[Start of section]

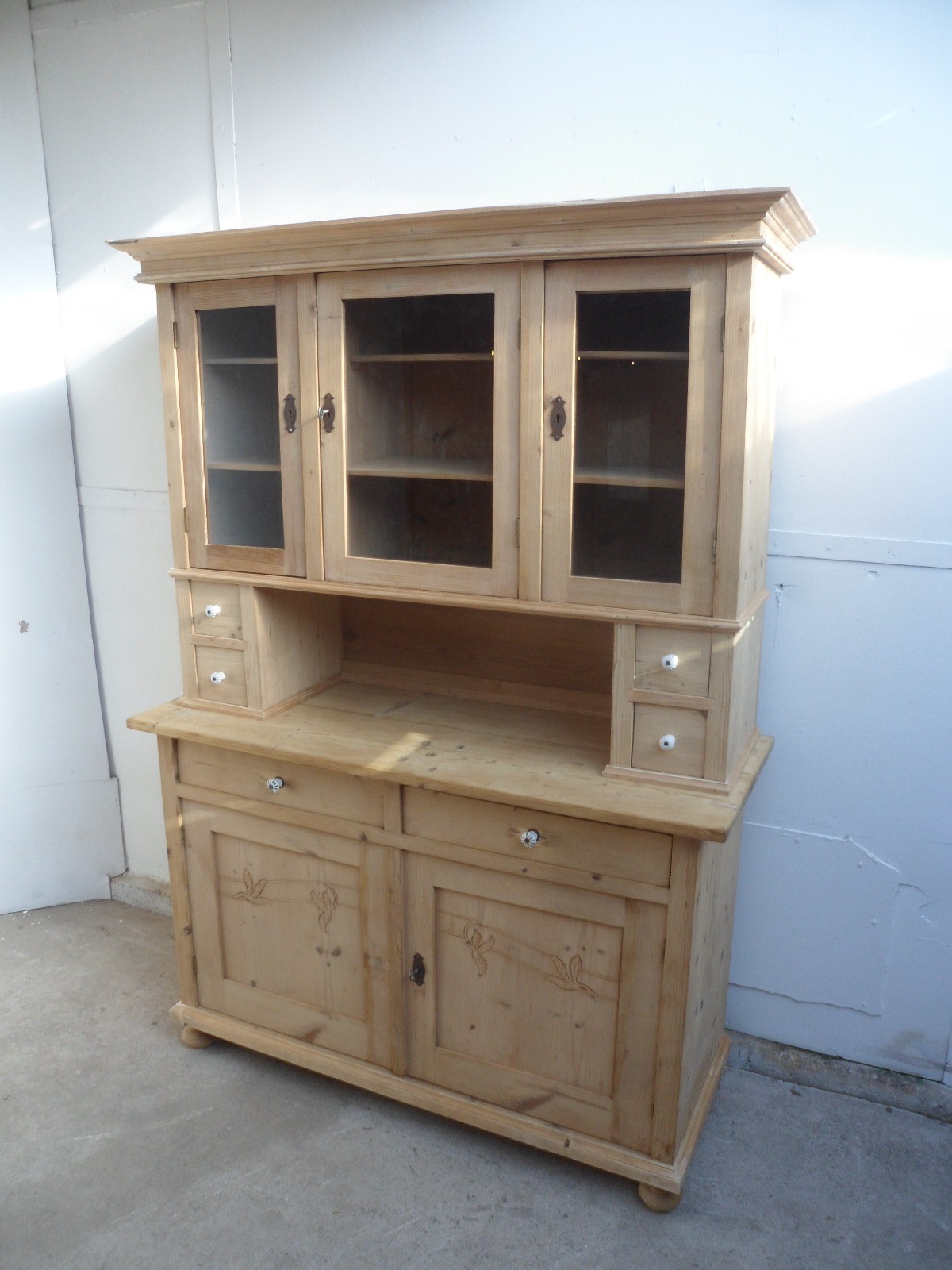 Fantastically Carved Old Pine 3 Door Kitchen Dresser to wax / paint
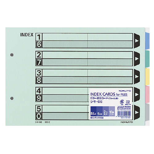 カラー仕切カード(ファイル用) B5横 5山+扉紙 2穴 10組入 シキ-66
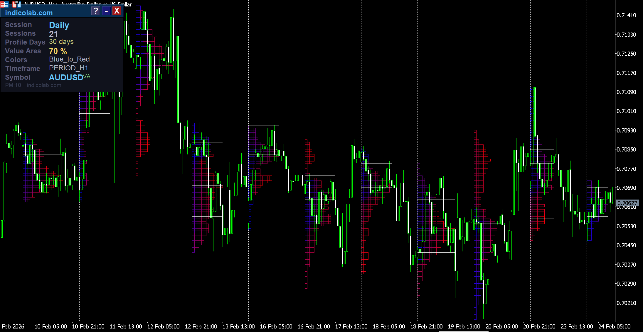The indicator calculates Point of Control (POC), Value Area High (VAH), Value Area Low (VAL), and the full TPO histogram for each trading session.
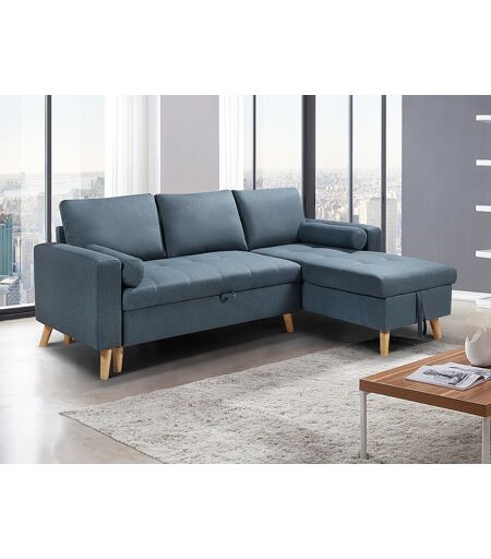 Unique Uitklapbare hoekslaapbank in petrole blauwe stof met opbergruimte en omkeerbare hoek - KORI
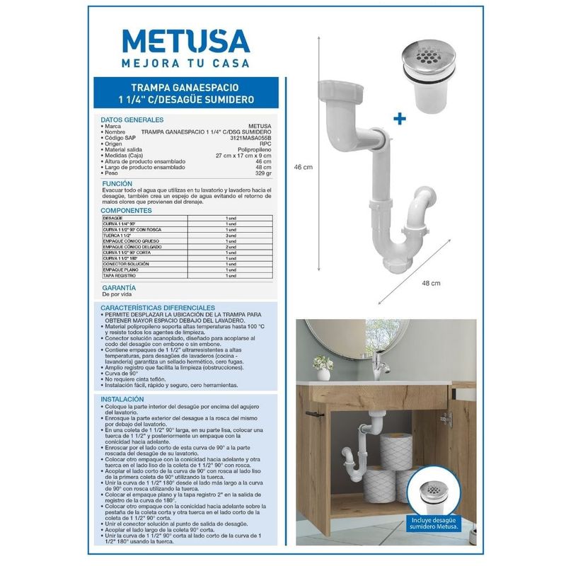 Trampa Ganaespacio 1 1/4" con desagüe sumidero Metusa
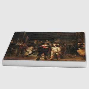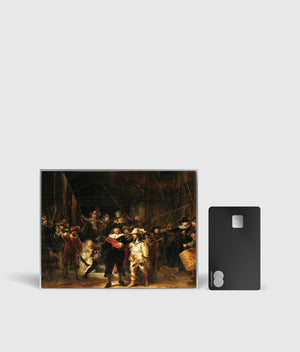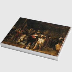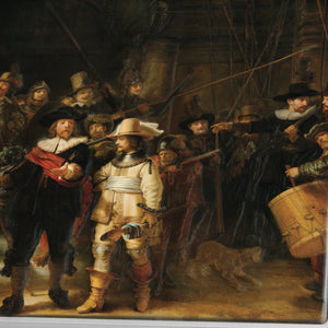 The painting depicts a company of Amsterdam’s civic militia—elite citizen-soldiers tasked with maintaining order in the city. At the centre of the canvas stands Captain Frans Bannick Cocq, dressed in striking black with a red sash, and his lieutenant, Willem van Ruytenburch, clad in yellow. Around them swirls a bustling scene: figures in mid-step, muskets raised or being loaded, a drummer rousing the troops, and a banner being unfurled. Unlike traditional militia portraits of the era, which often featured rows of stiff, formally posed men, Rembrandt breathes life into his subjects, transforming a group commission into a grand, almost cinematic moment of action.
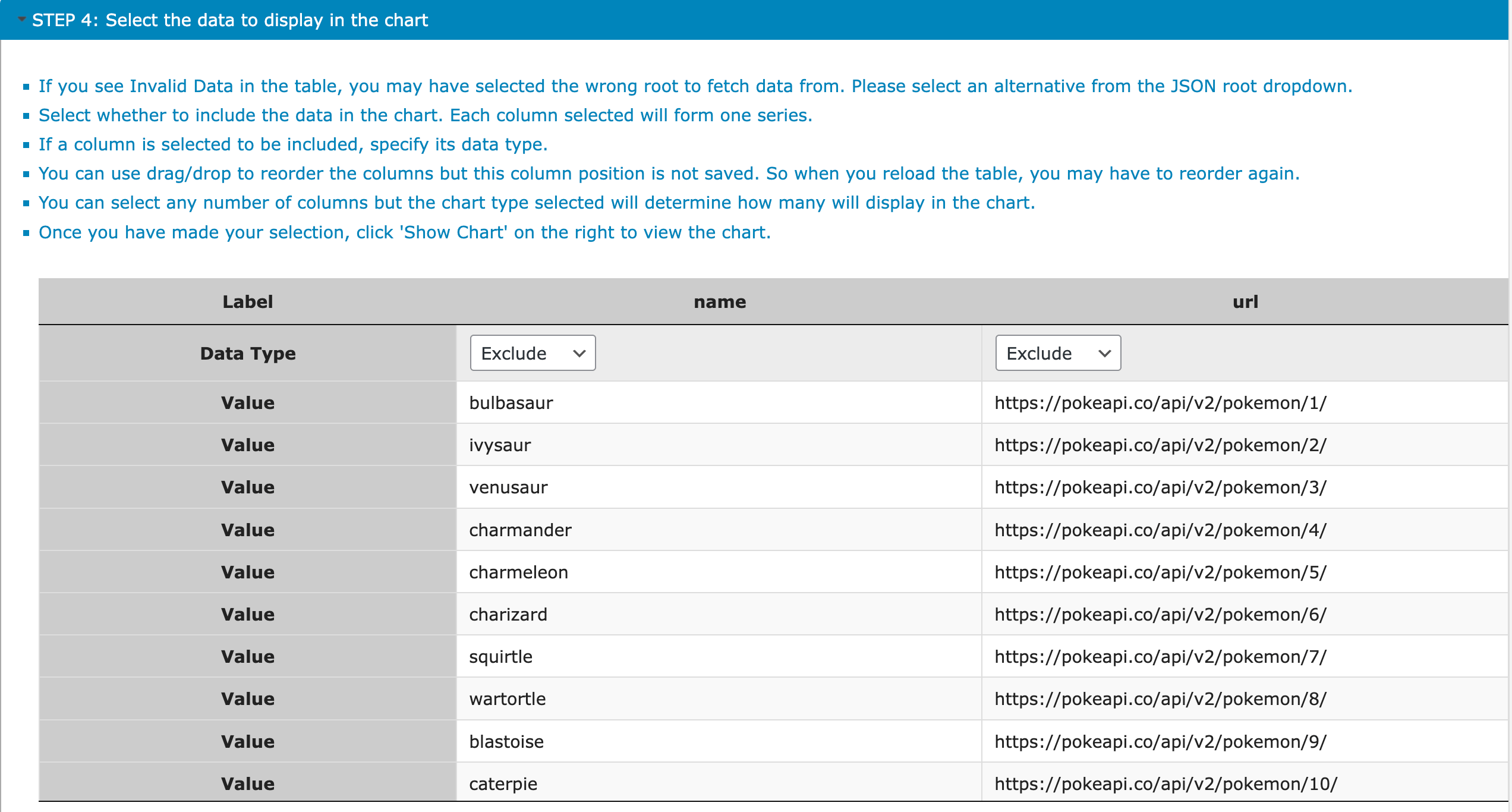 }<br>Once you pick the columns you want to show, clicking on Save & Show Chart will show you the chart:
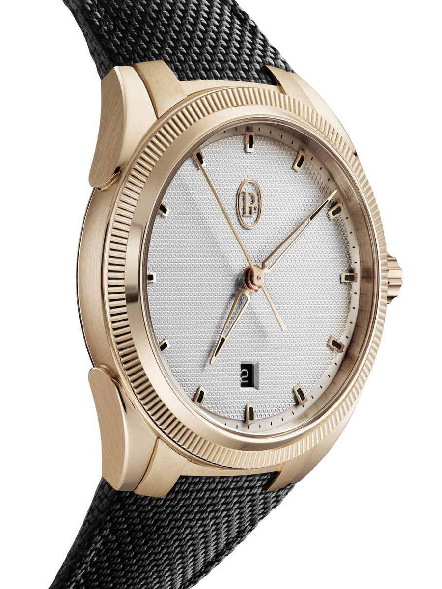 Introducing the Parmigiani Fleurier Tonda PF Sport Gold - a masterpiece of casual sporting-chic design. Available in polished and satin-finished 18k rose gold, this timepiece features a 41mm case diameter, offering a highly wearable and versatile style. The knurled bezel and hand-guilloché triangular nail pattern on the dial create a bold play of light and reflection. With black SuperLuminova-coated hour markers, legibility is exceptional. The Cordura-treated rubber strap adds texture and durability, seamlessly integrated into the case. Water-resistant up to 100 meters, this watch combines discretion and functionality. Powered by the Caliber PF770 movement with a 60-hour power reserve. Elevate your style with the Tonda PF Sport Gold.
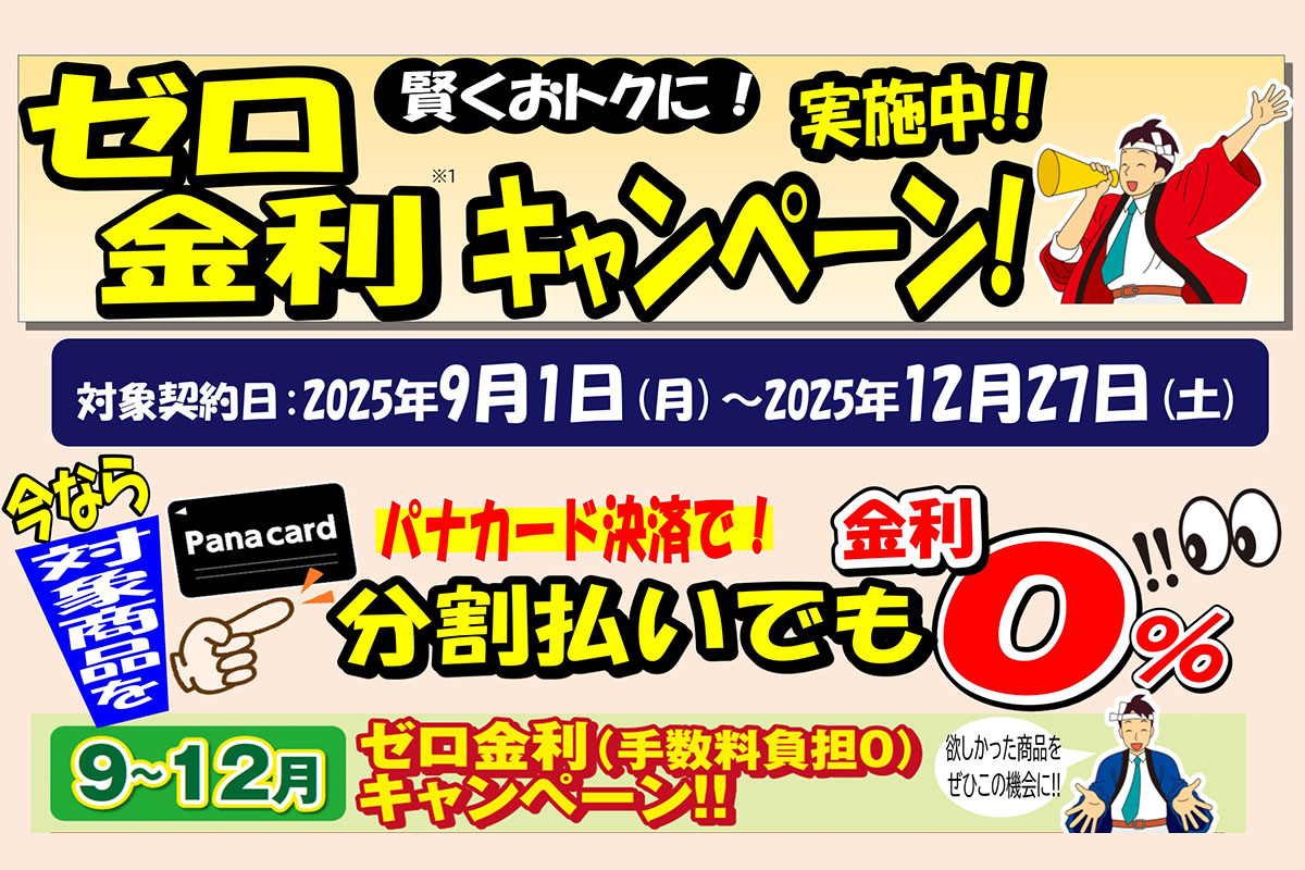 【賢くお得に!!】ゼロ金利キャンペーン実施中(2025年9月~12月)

[End of section]

WHAT TO DO. For this exercise, set down the lines in the entries above from the one with "Unique Uitklapbare hoekslaapbank" through the one with "The painting depicts" exactly as written, without any pictures.

RESULT OF THE TASK.
 Unique Uitklapbare hoekslaapbank in petrole blauwe stof met opbergruimte en omkeerbare hoek - KORI
 Trampa Ganaespacio 1 1/4" con desagüe sumidero Metusa
 The painting depicts a company of Amsterdam’s civic militia—elite citizen-soldiers tasked with maintaining order in the city. At the centre of the canvas stands Captain Frans Bannick Cocq, dressed in striking black with a red sash, and his lieutenant, Willem van Ruytenburch, clad in yellow. Around them swirls a bustling scene: figures in mid-step, muskets raised or being loaded, a drummer rousing the troops, and a banner being unfurled. Unlike traditional militia portraits of the era, which often featured rows of stiff, formally posed men, Rembrandt breathes life into his subjects, transforming a group commission into a grand, almost cinematic moment of action.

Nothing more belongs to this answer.